You live only once, if you do it right once is enough. Be the change you want to see in the world.
Greetings!
Ankit is currently working at Accenture as part of Center for Advanced AI as LLM Architecture Associate Director. There, he led the development of Fortune Analytics — a generative-AI business-intelligence platform built with Fortune Media that answers natural-language questions across decades of Fortune 500 data — which won the iF Design Award 2025 (User Interface) and led to European patent EP4660825A1. In November 2025 he presented Accenture’s reasoning-model work on Microsoft Foundry at Microsoft Ignite 2025. He obtained his Ph.D from Language Technologies Institute at Carnegie Mellon University in School of Computer Science. His doctoral thesis, “Computational Audition with Imprecise Labels”, is available on KiltHub and his defense presentation is on YouTube. He was advised by Prof. Bhiksha Raj and Prof. Rita Singh as part of the CMU Machine Learning for Signal Processing MLSP Group. In April 2023, Ankit’s team won the top prize at the NYC AI GPT Hackathon for their project “FactGPT,” an automated fact-checker for language models. Prior to his PhD, Ankit worked as a Deep Learning Scientist at ReviveMed. ReviveMed performs AI-driven Drug Discovery to find novel therapeutics for metabolic diseases. We leverage tens of thousands of metabolomic datapoints to discover novel biology and impactful therapeutics.
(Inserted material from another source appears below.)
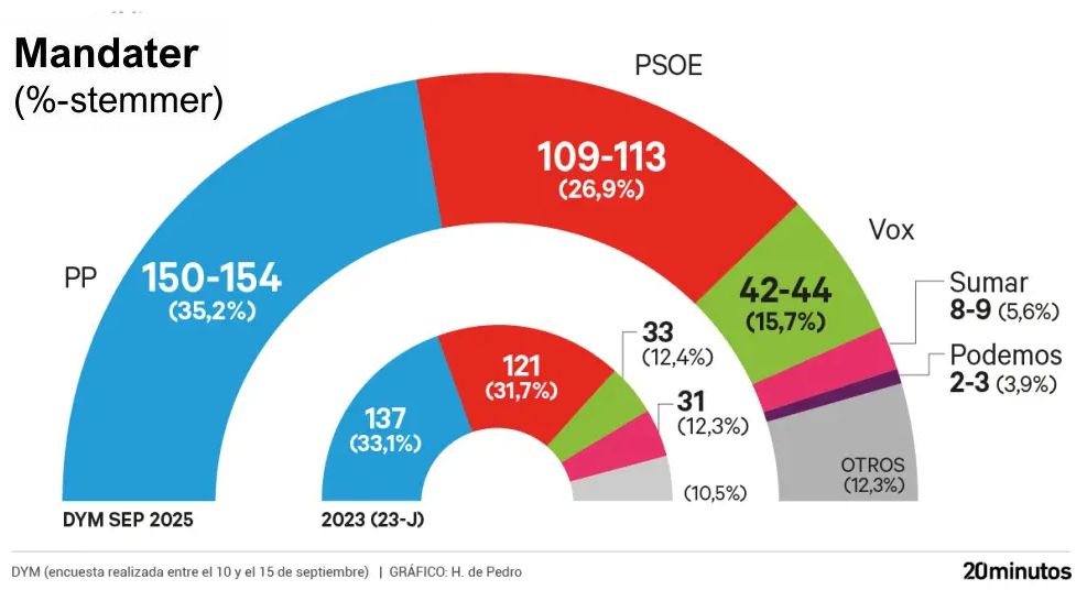 Meningsmålingen i september udført af analyseinstituttet DYM for 20minutos viser, at hvis valget blev afholdt i morgen, ville PP forblive det største parti, som meningsmålingerne har vist i månedsvis. PP’s forspring til PSOE er dog blevet mindre over sommeren, både på grund af et let opsving for PSOE – som for første gang i mange måneder er størst i den direkte vælgertilslutnings undersøgelse (uden justeringer) – og et fald for PP selv, hvis vælgerflugt til Vox nu når 900.000 vælgere. Feijóo ville være langt fra at kunne regere alene og have brug for Santiago Abascals mandater for at nå Moncloa-paladset.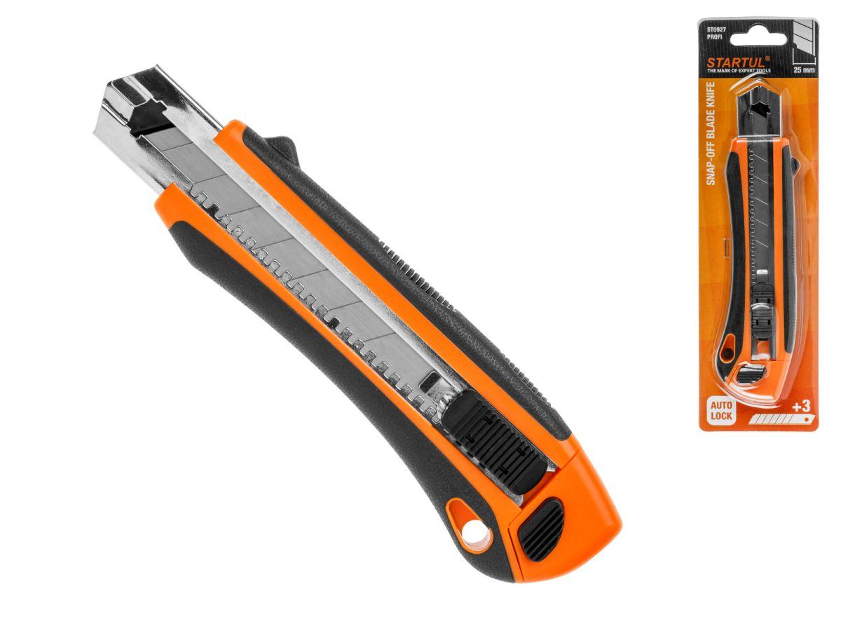 | | Нож пистолетный с выдвижным лезвием 25мм + 3 лезвия STARTUL PROFI (ST0927) (ABS + TPR покрытие корпуса 3 лезвия в комплекте) |

Ankit is fascinated by the applications of Multimedia Analysis and its growing importance in today’s world where more than 90 percent of data consumed is Multimedia. To learn more about the field, he graduated with a Masters in Language Technologies at School of Computer Science in Carnegie Mellon University. During the masters program, Ankit was advised by Prof. Alexander Hauptmann in the Language Technologies Institute. His research interests lie in the areas of machine learning and signal processing with a focus on audio and multimedia analysis. His work on deciphering guntype information using acoustic analysis of gunshot recordings and on Deep Intermodal Video analytics to recognize activities in large scale surveilliance videos was well appreciated.
Previously, he worked as a verification engineer at ARM, a leading semiconductor IP provider. He is familiar with ARM protocols like AMBA, AXI, CPU specifications, ARM architecture and power architecture. At ARM, his role was related to designing inhouse verification tools for simultaneous verification of sub-systems. These enhanced the scalability of other in-house tools and further ensured less rework across projects, thereby improving the throughput of our team’s deliverables. He designed a power controller used across various projects at ARM. Due to efficient deliverables in workplace, his supervisors gave him the responsibility to deliver the first chip-to-chip subsystem verification on ARM platform which was executed successfully by Ankit as a Project Lead. Ankit was consecutively rated amongst the top 5% engineers globally within ARM for two years.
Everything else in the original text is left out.